Herbert Eagle |
| Dept. of Slavic Langs & Lits 3014 Modern Languages Building The University of Michigan Ann Arbor, MI 48109-1275 |
tel.: 647-2139 e-mail: hjeagle@umich.edu |
Professor Eagle has primary research interests in 20th century Russian and East European film and literature, and in the semiotics of art and culture. Professor Eagle has an abiding interest in verse theory, and his articles on the structures which pattern "free verse" forms in 20th century Russian and Czech poetry have appeared in a number of journals and anthologies.
In the Slavic Department, Professor Eagle currently teaches courses on Russian and East European cinema, 20th century Russian and Czech literature, and graduate seminars on Soviet semiotics.

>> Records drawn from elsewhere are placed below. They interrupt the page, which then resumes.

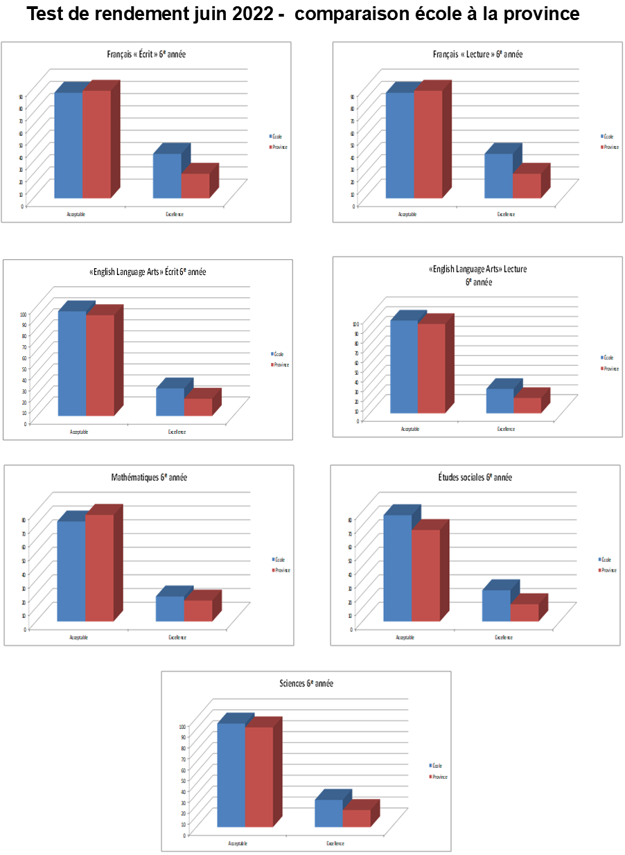 Voir les résultats des tests de rendement de 6e année, juin 2022, cliquer ICI.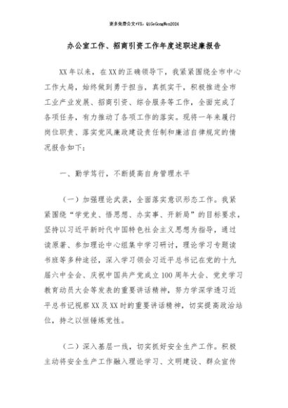 【七哥公文】2024年:办公室工作、招商引资工作年度述职述廉报告+更多免费公文+VX:QiGeGongWen2024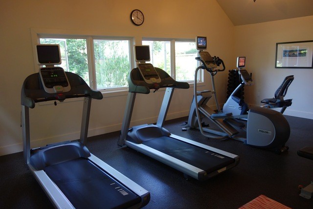 フィットネスルームは小さめですが、外でブドウ畑を走れば問題なし。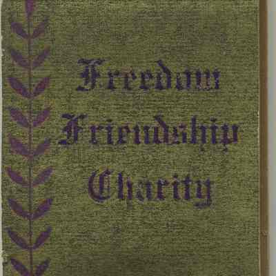 Back: "Freedom / Friendship / Charity" purple ink on gold background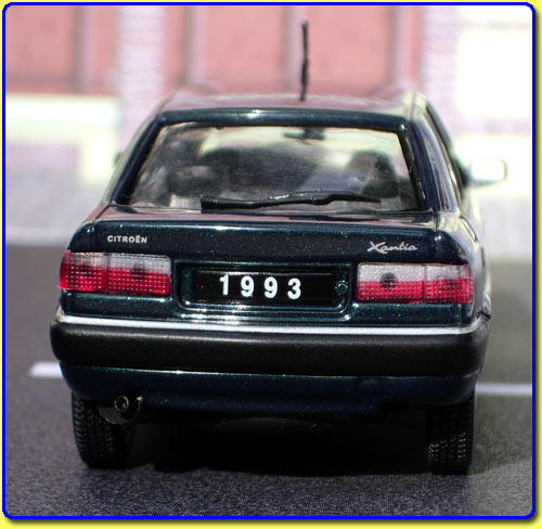 en miniature est à ranger dans la catégorie des réussites. La ligne générale de la miniature est exacte, la fabrication sérieuse, la miniature est garnie de nombreux détails en tampographie l'emblème Citroën sur le capot avant, les inscriptions 2.0I de chaque coté en bas des portières, les inscriptions Citroën et Xantia sur le hayon arrière. Noir mat sur les vitres et parre-brise et sur les contours des portes. Rien ne manque les essui-glaces avant et arrière d'une bonne finesse ainsi que les rétroviseurs. Universal Hobbies a oublié de faire descendre le hayon jusqu'au parre-choc il manque les stries sous la jonction des feux arrières. Ceci n'est pas trop choquant le résultat global est tout à fait positif. |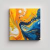 Pintura Abstracta Fluida En Tonos Cálidos Naranja Y Amarillo Con Toques Azules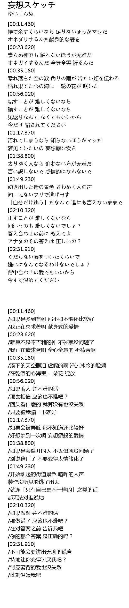 | [01:33.340] | 梦见ていたいの 妄想癖な爱を |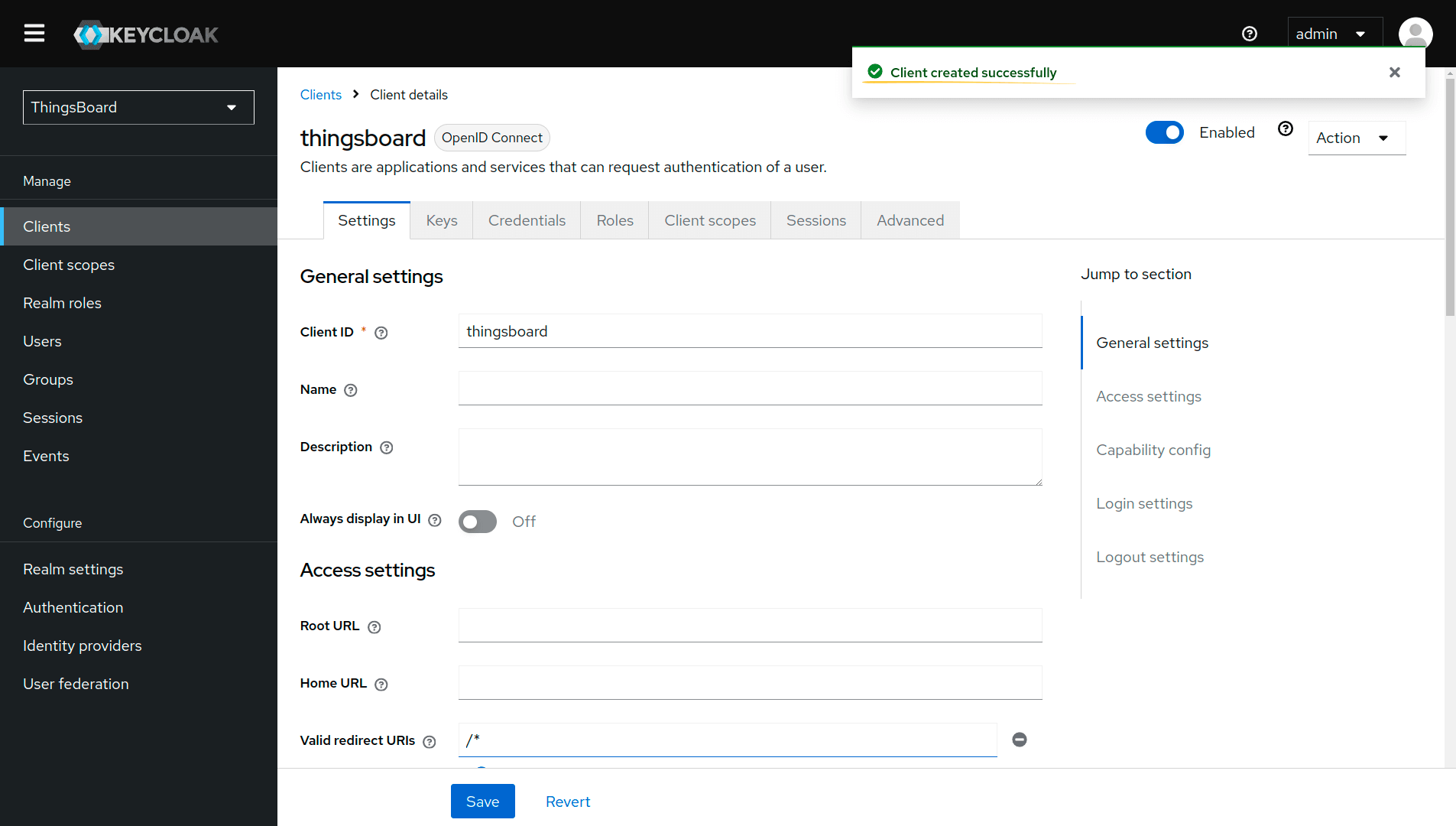 - 输入thingsboard作为客户端ID。将客户端类型保留为OpenID Connect。点击”Next”;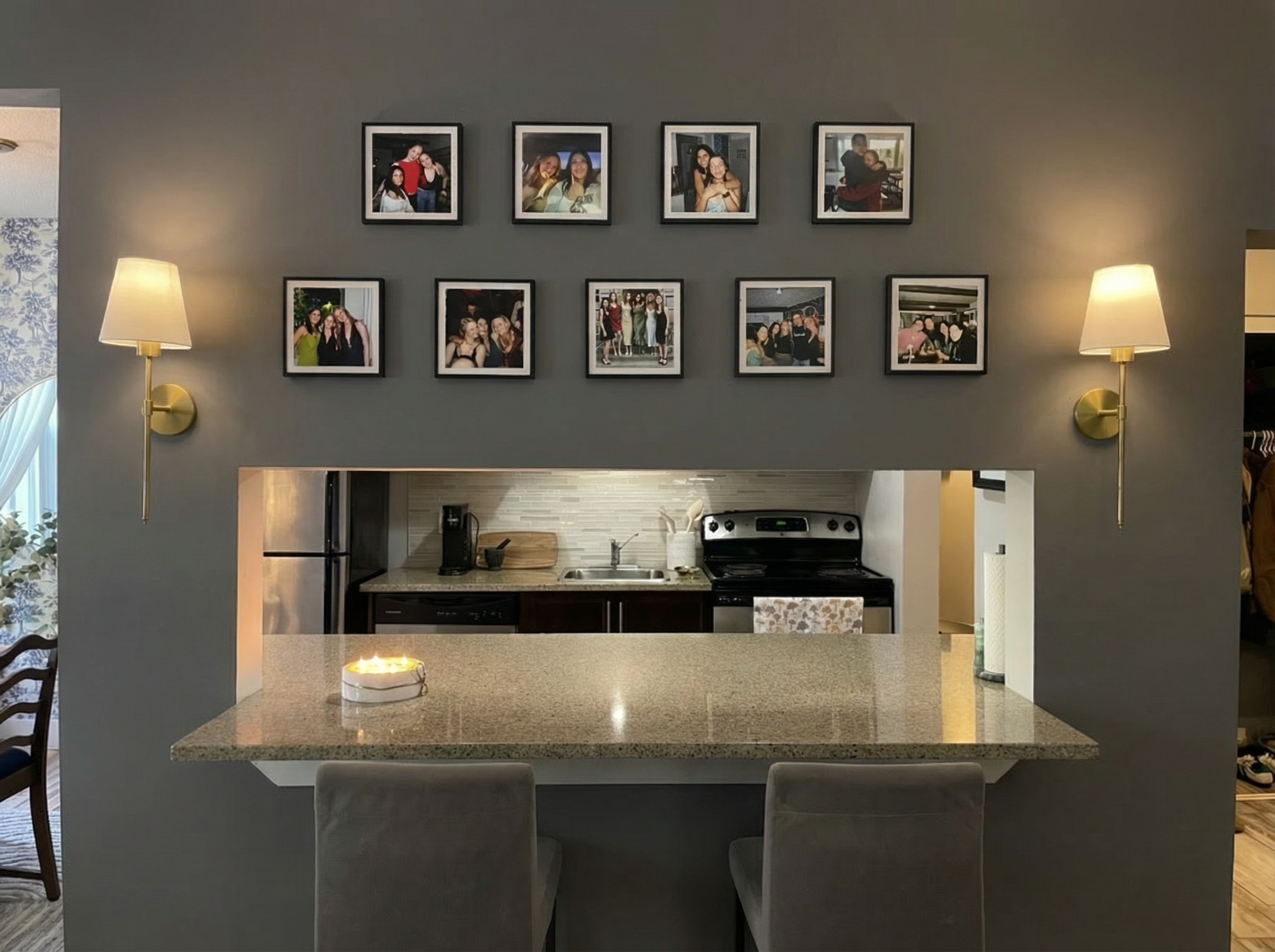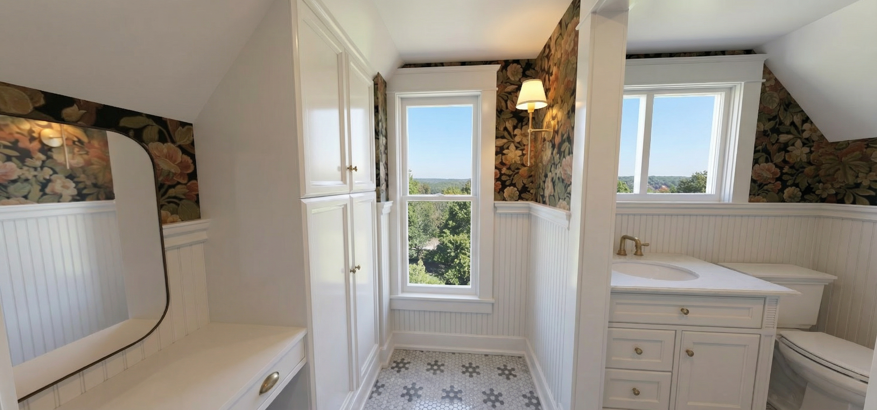 maintain all geometry create a hyper realistic interior rendering this is a second floor room so the view out of the window should reflect that and show trees in the distance the painted casework should be a semi gloss finish the wood casework should remain as wood with a gloss finish the sconces should be lit in a 2700k temperature and a soft glow show the casework painted white and the ceiling as well

His articles and book reviews on Russian film have recently appeared in such journals as Wide Angle and Film Quarterly. A series of articles dealing with East European filmmakers like Dusan Makavejev, Jiri Menzel, Andrzej Wajda, and Peter Gothar, appeared in Film Studies Annual and in Cross Currents throughout the 1980s and early 1990s. Articles and book chapters on Russian and East European film have appeared in several anthologies, including the chapter on Roman Polanski in Daniel Goulding's recent Five Filmmakers. Professor Eagle is also the editor of the volume Russian Formalist Film Theory (1981). His work on general problems of the semiotics of art, of cinema and of verse has appeared in Semiotica, Dispositio and Slavic and East European Journal.
He is also co-editor and co-translator with Anna Lawton of Russian Futurism through its Manifestoes (1988). He has written on prose works, e.g. on the novels of Russian authors like Zamiatin and Solzhenitsyn and on the Czech authors Karel Capek, Ludvik Vaculik, and Milan Kundera.